Therefore, the Court begins with the understanding that the document sought to be
admitted is not admissible under the rules of evidence.
Defendant seeks to use the affidavit in two ways through her motion. In the first instance,
she seeks to introduce the statement as an exhibit and in the second instance use it in lieu of M.G.’s
testimony if M.G. is unable to testify. Both propositions are inconsistent with the rules as to trial
testimony and the use of out-of-court statements as exhibits.
A witness can only testify from his or her personal knowledge of the relevant matter.
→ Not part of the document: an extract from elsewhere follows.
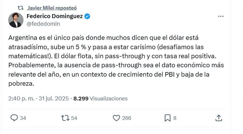 El mensaje original pertenece a Federico Domínguez, autor de títulos como La Rebelión de los Pandemials, Argentina Hiperacelerada y Volver a Ser Grandes. En su publicación, Domínguez reflexiona sobre la singularidad del escenario argentino actual: “Argentina es el único país donde muchos sostienen que el dólar está extremadamente rezagado, sube apenas un 5 % y ya lo consideran carísimo. ¡Desafiamos la lógica matemática!”. Y añade que el dólar se mueve libremente, sin generar un efecto de traspaso significativo a los precios y en un contexto donde las tasas de interés reales se mantienen en terreno positivo.

V.R.E.
402, 602. This knowledge is usually established through testimony. V.R.E. 602. Each party is
responsible for securing the attendance of their witnesses to testify at trial. In re Odessa Corp., 2006
VT 35, ¶ 17, 179 Vt. 640. Under Rule 43, “the testimony of witnesses shall be taken orally in open
court, unless otherwise provided.” V.R.C.P. 43(a). Together, these rules place an emphasis on live
testimony, particularly in trials, by witnesses. Nichols v. Brattleboro Retreat, 2009 VT 4, ¶ 6, 185 Vt. 313
(“The preference for live, in-court testimony is well settled in our jurisprudence.”); see also Simpson v.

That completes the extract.